011008..sunday..@hOme

iM sittiNg hEre agAin. dOnt hAve a lifE thEse pAst days excEpt PC.PC.and PC.

this morning i again attended sunday mass after missing it twice already.. i've come up with one conclusion.. i dont like richard anymore.^_^ that's good aight? after mass, mga 12pm dumating cla raquel d2 sa house. and i realized another thing, i still have feelings for m*.k*, though subsided na xa.=p i felt warm inside seeing him on my bed. (nAkz!** hehe).. pero i dont feel envious when see them together, him and .*zA... enough of that. hehe

later tonight, game7 na ng semis. hope pf wins. sana sana. para may bora kme kay kuya ping (jOkE!!).. but ofcourse, mas gusto nmen na manalo. . kc alam nmen na they deserve it... with all that seen hard work! it's just sad that cant be at the venue.. i still have to stay at home eh. i will pray for the team... sana sana.. with God's help!! crossing our fingers.

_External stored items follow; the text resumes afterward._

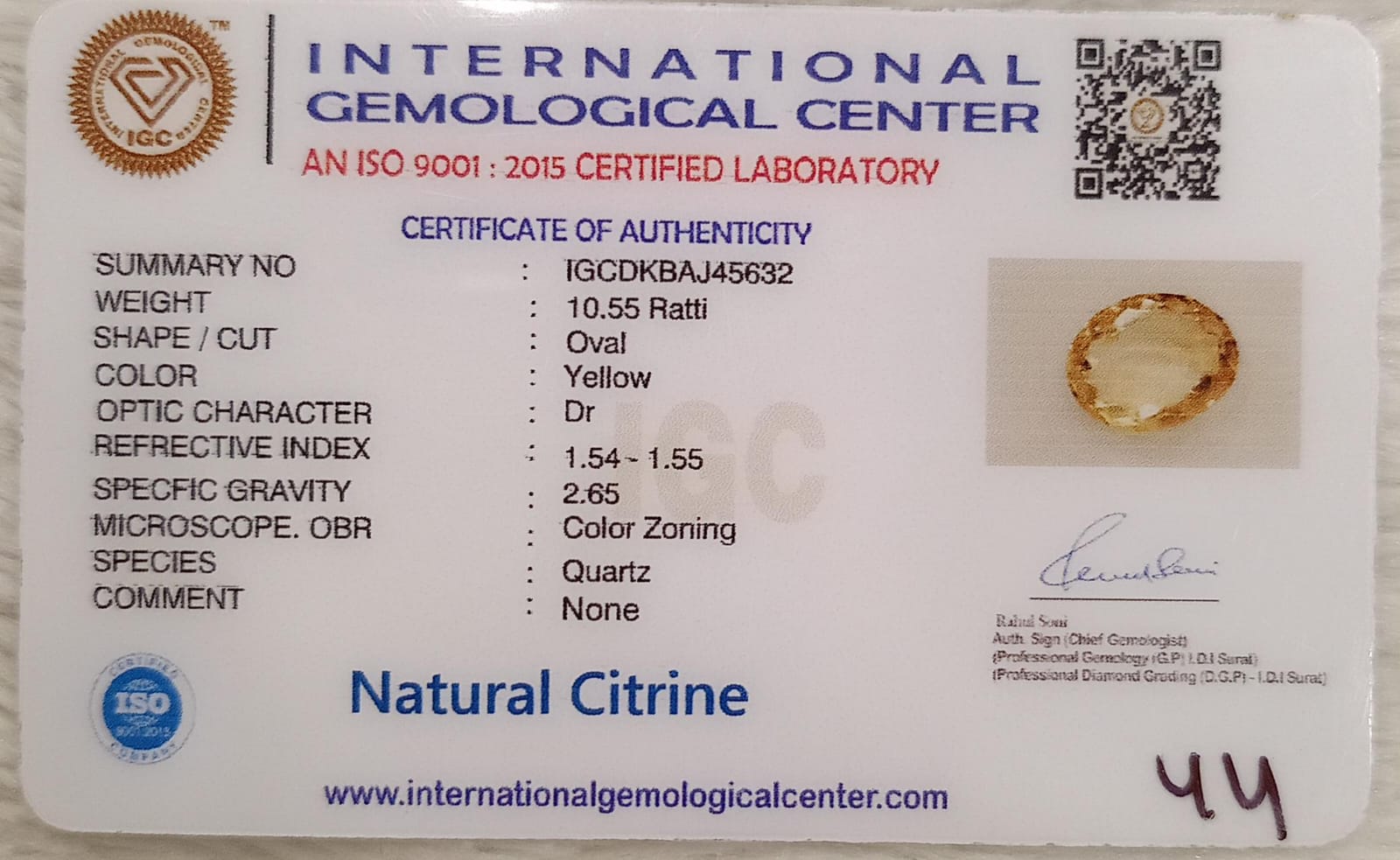 Citrine is a variety of quartz that gets its golden-yellow hue from trace amounts of iron in its crystal structure. Its name comes from the French word “citron,” meaning lemon, a reference to its vibrant color. While natural citrine is relatively rare, it is highly sought after for its ability to energize and cleanse the body, mind, and spirit. The 10.55 Ratti natural citrine we offer is untouched by artificial treatments, making it a valuable and pure gemstone.
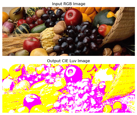The following example demonstrates the conversion of an image in RGB color space to CIE Luv color space using color.rgb2luv() method.
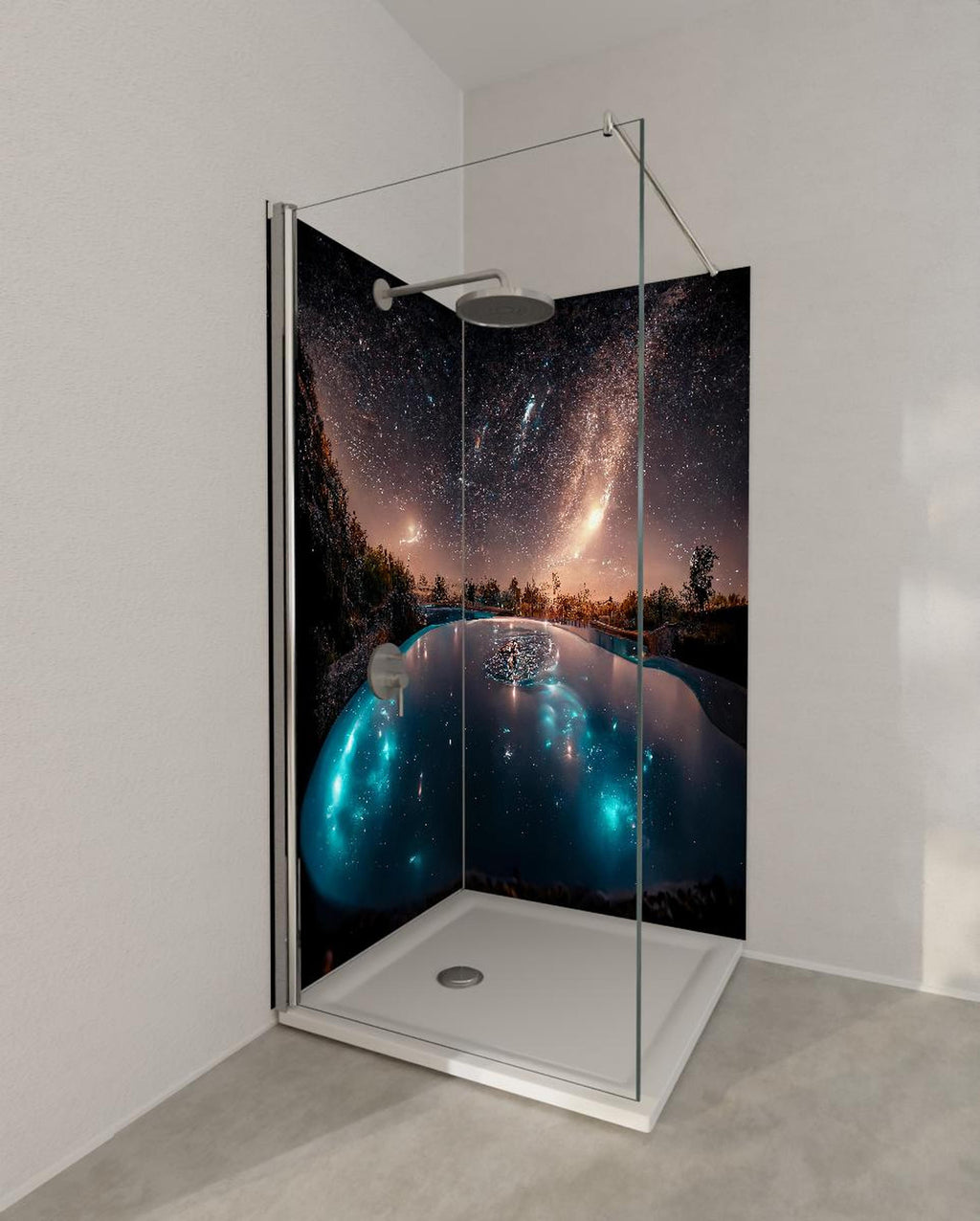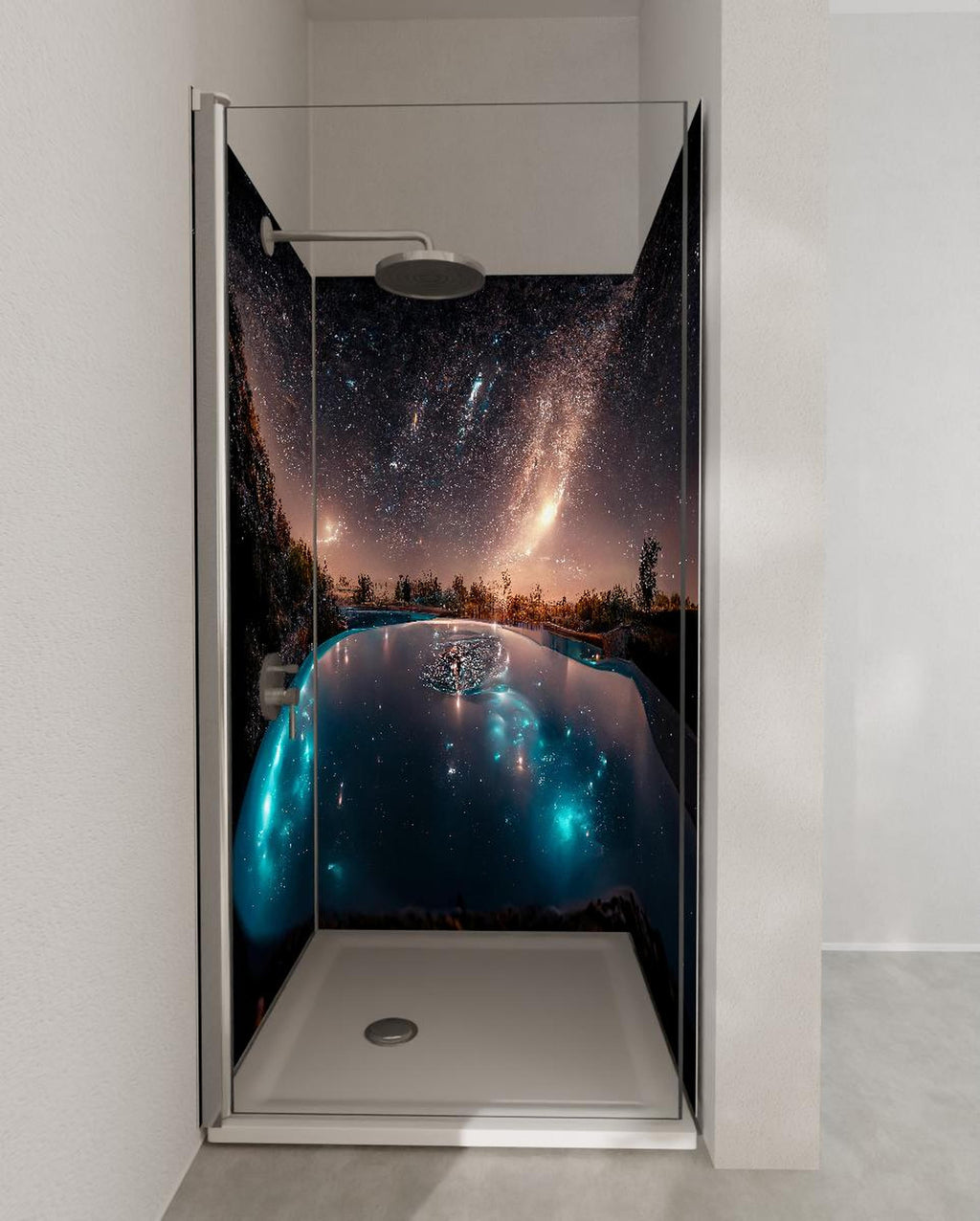 Duschrückwand - Galaktische Nacht Reflexion im See

Saturday, February 9, 2008

thE 1st EntRy..^_^

it's late.. 12:33am. why am i still up?? well there are some random reasons.. maybe coz im urged to write my first blog entry.. or maybe coz im bothered with thoughts..

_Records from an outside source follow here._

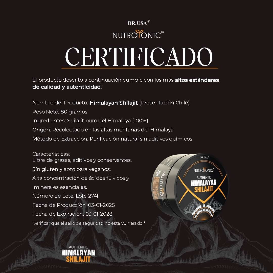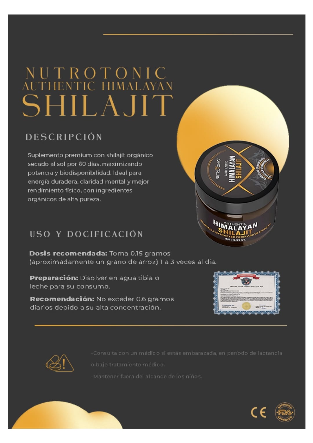 Himalayan Shilajit es un suplemento en resina de alta calidad, obtenido éticamente a 17,000 pies de altura. Su dosis recomendada de 0,15 g disuelta en agua contribuye a eliminar toxinas, aumentar la energía y relajar la mente. Enriquecido con ácido fúlvico y minerales esenciales, potencia la vitalidad y ayuda a manejar el estrés, promoviendo un equilibrio físico y mental óptimo.
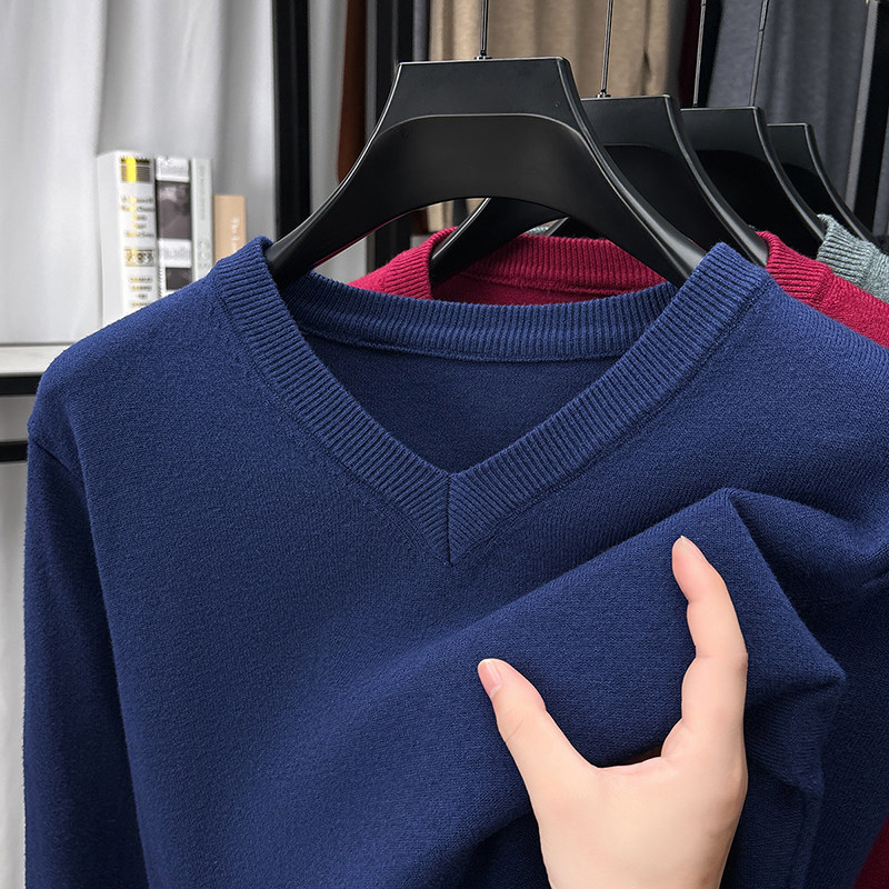 2025年春秋 新作メンズ Vネック薄手ベースジャケット 秋冬 中年セーター チキンハートネック ニットセーター
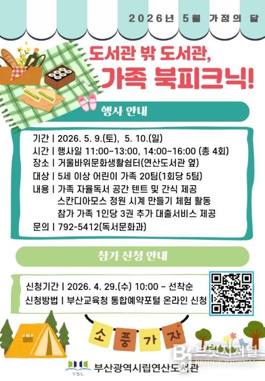 브릿지저널 윤나영 기자 | 부산광역시립연산도서관은 다음달 9일부터 10일까지 이틀간 도서관 옆 거울바위문화생활쉼터에서 5세 이상 어린이를 동반한 가족 20팀을 대상으로 ‘도서관 밖 도서관, 가족 북피크닉!’ 행사를 운영한다.
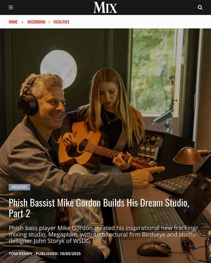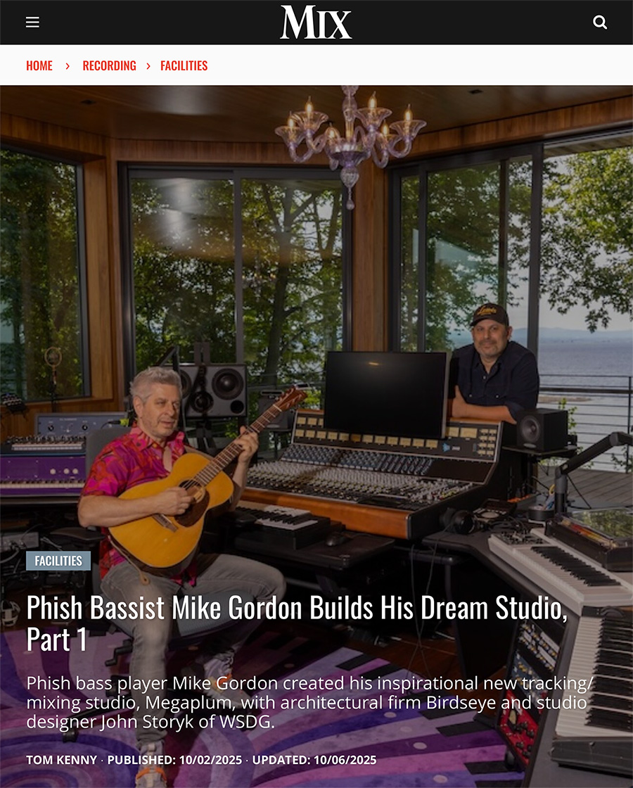 WSDG is pleased to announce that Megaplum is this month’s cover story in MIX Magazine, which details the studios origins, design details, and Mike’s current musical projects.
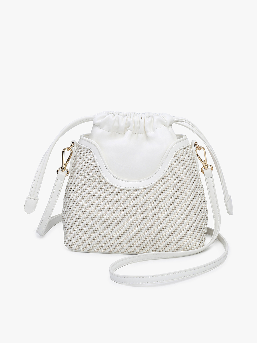 Embark on a whimsical adventure with the Juniper Woven Bucket Bag, a delightful accessory designed to elevate your style with ease. Crafted with intricate weaving, this woven wonder boasts a convenient drawstring closure, ensuring your belongings stay secure on your escapades. The adjustable crossbody strap offers hands-free carrying, while the inner slip and zip pockets keep you organized on the go. Made with a blend of vegan leather and woven material, the Juniper Woven Bucket Bag is not only stylish but also a conscious choice for the environmentally aware fashionista.
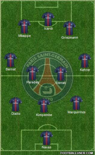 Mbappe · Ginola · Neymar · Di Maria · Beckham · Veratti · Sahko · Daniel Alves · Marquinhos · Thiago Silva · Trapp
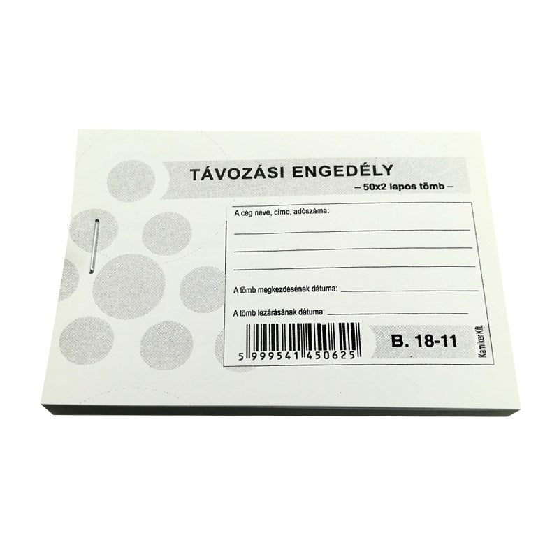 A/6 méretű, fekvő, 50 lapos, 2 példányos.
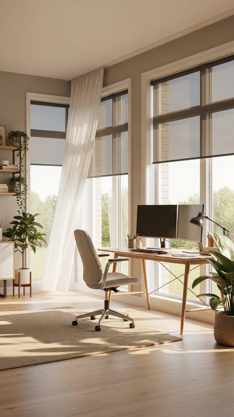 You’ll track sun angle seasonally, tilt blinds for soft diffusion, and choose sheer curtains for balanced illumination. Implement glare control with adjustable shades and matte surfaces so light liberates focus without harsh reflections or interruptions.
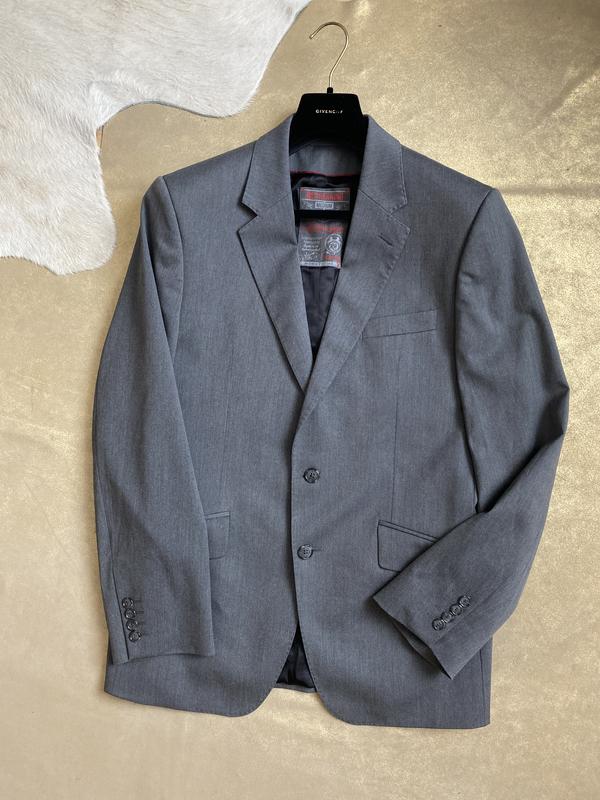 Классический пиджак с подплечниками серого цвета в идеальном состоянии. Сток.

hey, im almost done with this asian drama series im streaming since yesterday.. 1st.shop.of.coffee.prince. im addicted to streaming these past months.. haha, guess it's caused by lack of work. yep, isa akong dakilang tambai. wahehe.. how can i still laugh abt it?? that's the least thing i could do. while watching the series, i get to learn that someone should work hard to achieve whatever she wants to. no superwoman with super powers.. just a superwoman with super effort, doing the best she could..giving her all. another realization that hit me, you dont give reasons why you love the person you love..you just do. you might have your ideals..but when you love someone, the heck with the ideals..!! these dramas bring forth lessons.. some obvious things in life that others might have not noticed or just chose to ignore. did i fall inlove before? no.. because if i already did, then i wont be single now..ayt? before, i used to ask.. why there's noone i could seriously love? someone i could drag into a relationship with..? i asked that, days in highschool..when everyone's experimenting with feelings.. days in college too, when everyone's planning their future already.. days when i come across friends showing off their babies and their husbands. why am i alone? until i prayed that one night.. sabi ko, God.. i have again completed the 9morning masses (simbang.gabi). before i would ask for my grades to be ok, my family's safety, last nlang yung lovelife. pero evry december, i would ask for that someone.. bakit hanggang ngayon wala pa?-- then suddenly i realized, like God answered or something.. a memory when i was still a child. i asked God if He could make my first love the one for me.. i would meet him maybe when im 22.. and marry after 3 years (by then im 25).. have kids after 2years (age 27).. see i had it all planned before, so why am i complaining now?? im just 20years old. haha... see, i told you.. it's like God talked. ^___^ sana lang talaga, that someone truly exist and come one day (maybe when i turned 22^_^) to live out my prayers.